Critical massive haemoptysis red flags

  • Airway compromise → asphyxiation is the cause of death. Protect airway first.[1]
  • Bilateral flooding (bleeding side not positioned down) → loss of gas exchange.[5]
  • Aspergilloma (mycetoma) — classic cause of massive haemoptysis, BAE then surgery.[2]
  • Coagulopathy — correct before/with definitive treatment.[5]
  • Re-bleeding after BAE (10-30%) — repeat BAE or surgery.[3]
  • Rasmussen aneurysm — pulmonary artery source in TB cavity (exception to "90% bronchial").[1]
  • Pulmonary artery catheter-induced bleed — catastrophic iatrogenic; isolate lung, PA embolisation.[1]
  • Diffuse alveolar haemorrhage with renal failure — anti-GBM/GPA; needs immunosuppression ± plasma exchange, NOT BAE.[6]
  • Spinal artery risk during BAE — anterior spinal ischaemia → flaccid paraplegia; superselective catheterisation mandatory.[7]
  • Massive ongoing bleed with no IR/theatre access — isolated intubation of the good lung + transfer to a centre with BAE capability.[5]
  • HHT with pulmonary AVM — embolise AVMs (coils); screen family; beware paradoxical embolus.[6]
  • Haemodynamic instability despite isolation — exsanguinating rare cause; activate massive transfusion protocol concurrently.[1]

Prognosis

Outcomes of massive haemoptysis (Ittrich 2017, Dtsch Arztebl Int; CIRSE BAE 2022)

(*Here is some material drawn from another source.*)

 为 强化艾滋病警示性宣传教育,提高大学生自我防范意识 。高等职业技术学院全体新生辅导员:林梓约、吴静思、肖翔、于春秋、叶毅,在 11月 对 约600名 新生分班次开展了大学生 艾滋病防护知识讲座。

Systematic review of massive haemoptysis management:

  • Mortality: 7-30% (higher with delayed treatment, cancer, coagulopathy)
  • BAE immediate success: 70-90% (haemostasis achieved)
  • BAE recurrence (re-bleeding): 10-30% within 1 year
  • Surgery mortality (emergency): 20-40%
  • Surgery mortality (elective): 5-10% [1]

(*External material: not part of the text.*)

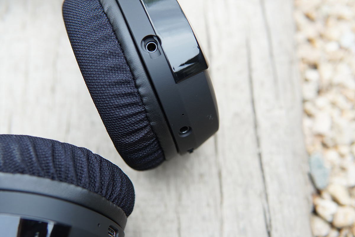 사용자를 기준으로 왼쪽 이어 컵에는 마이크와 유선 케이블을 연결할 수 있는 3.5mm 커넥터와 여러 가지 기능을 바꿀 수 있는 버튼과 볼륨 조절 다이얼이 있습니다. 위에서부터 전원 / 사운드 모드 / LED / 마이크 음소거 버튼입니다. 개인적으로 볼륨은 버튼식보다 다이얼 방식을 좀 더 좋아하는 편이라 좋았습니다.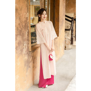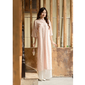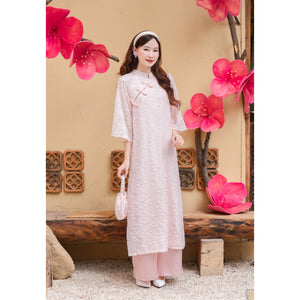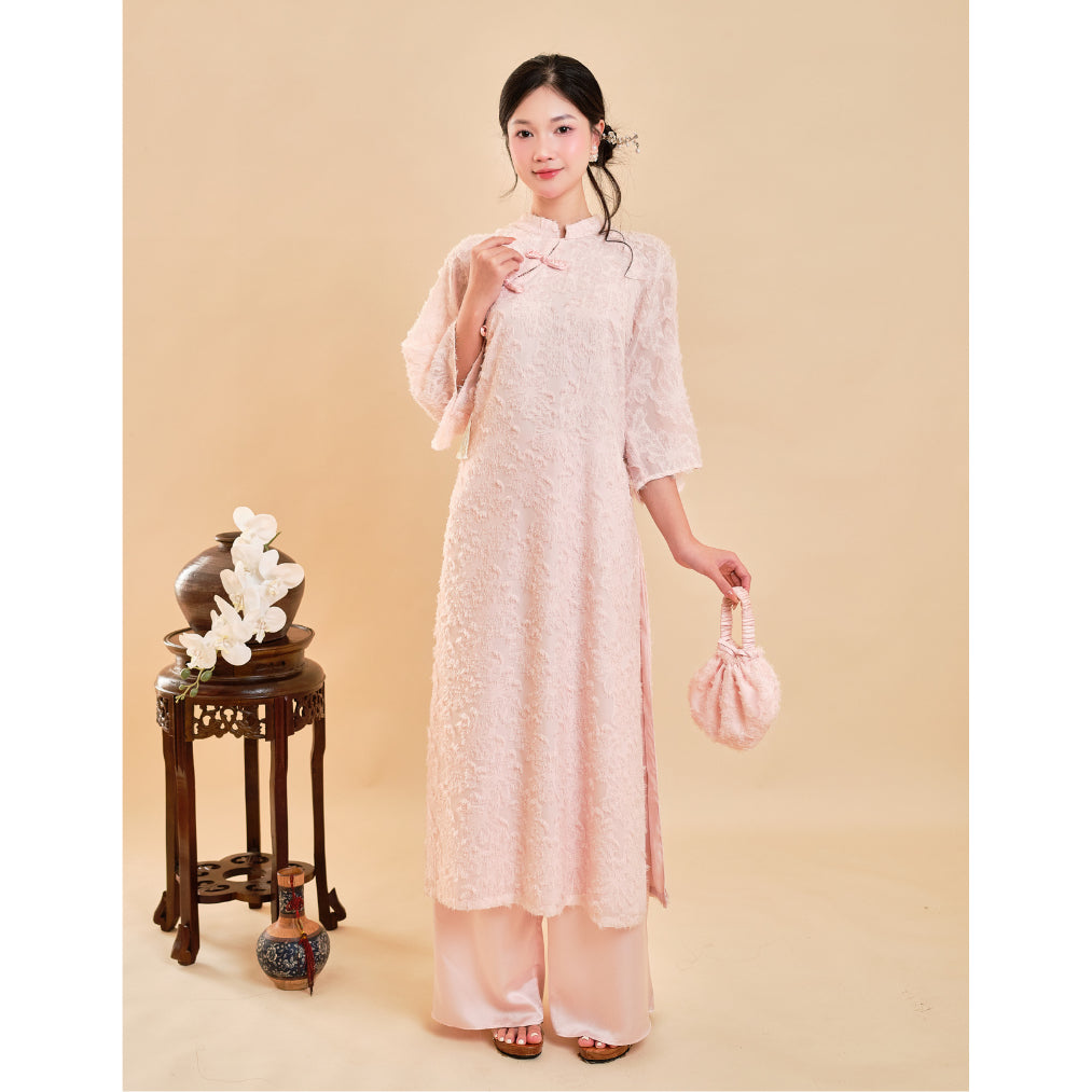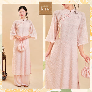 Modernized Ao Dai with soft pink Chau Sa and pearl silk pants with prominent asymmetrical bow – SD011 LANA DESIGN

Causes of death: asphyxiation (80%), exsanguination (10%), complications of treatment (10%). Predictors of mortality: cancer, coagulopathy, massive amount (>1000 mL), bilateral bleeding, delayed intervention.

[1]

Bronchial artery embolisation — efficacy and recurrence (CIRSE Standards, 2022)

Pooled data across major series:

  • Immediate technical success: 83-96% (superselective technique)
  • Clinical success (haemostasis ≥ 30 days): 70-90%
  • Recurrence: 10-30% at 1 year; up to 45% at long-term follow-up
  • Highest recurrence: aspergilloma, active TB, bronchopulmonary shunt, incomplete embolisation
  • Major complications: spinal ischaemia (0.5-1%), oesophageal/bronchial necrosis (rare), pulmonary infarction
  • Repeat BAE: effective; multiple sessions often required in mycetoma
  • BAE vs surgery (elective): comparable long-term control; BAE less invasive and preferred unless localised surgically resectable lesion [1]

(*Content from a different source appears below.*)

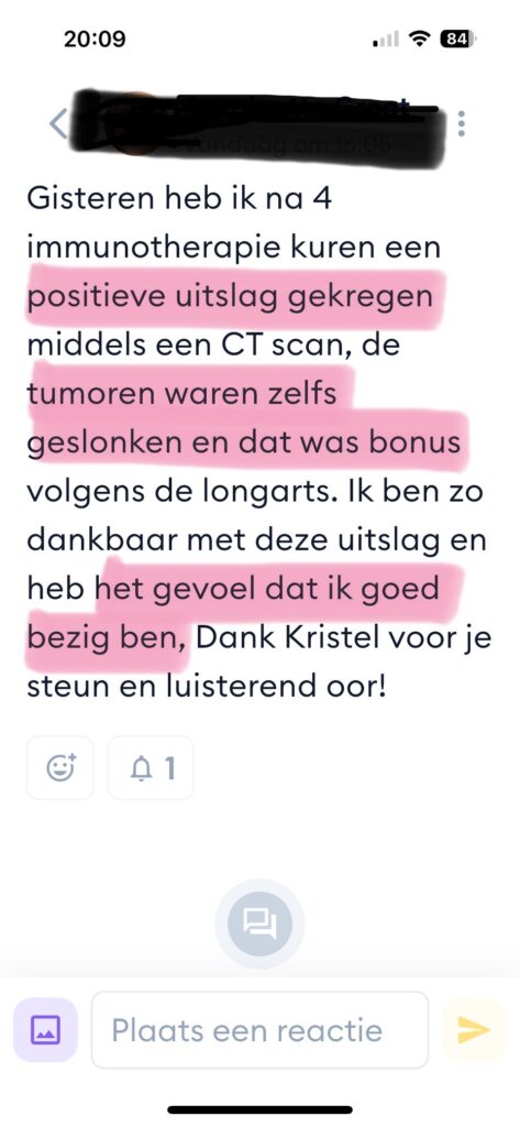 Je hebt een goede keuze gemaakt om door te gaan als coach om mensen met kanker te begeleiden. Ik ben heel blij met jou als coach! ❤️🙏
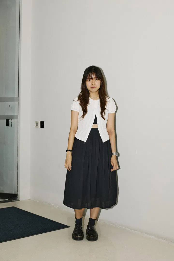 Her fit: "My top is from a Vietnamese store I found on Instagram, @lovable.saturday. My skirt is from Muji, and my boots are Dr. Martens."

Take-home: BAE is first-line; surgery reserved for BAE failure or localised resectable cause. Anticipate recurrence — follow up and offer elective definitive therapy.

[1]

Bronchoscopic tamponade for life-threatening haemoptysis (Valipour et al, Chest 2005)

Case series of bronchoscopy-guided topical haemostatic tamponade:

  • Technique: cellulose mesh / fibrin glue via catheter wedged in bleeding bronchus under bronchoscopic vision
  • Initial control: achieved in most patients where source could be reached
  • Bridge to definitive therapy: bought time for BAE or surgery
  • Limitation: requires localisable, reachable bleeding source; not effective for diffuse DAH [1]

Take-home: bronchoscopic tamponade is a temporising bridge, not definitive therapy; combine with rapid referral to interventional radiology or theatre.

[1]

Nebulised tranexamic acid for haemoptysis (Ye et al, Lung 2025 — integrative review)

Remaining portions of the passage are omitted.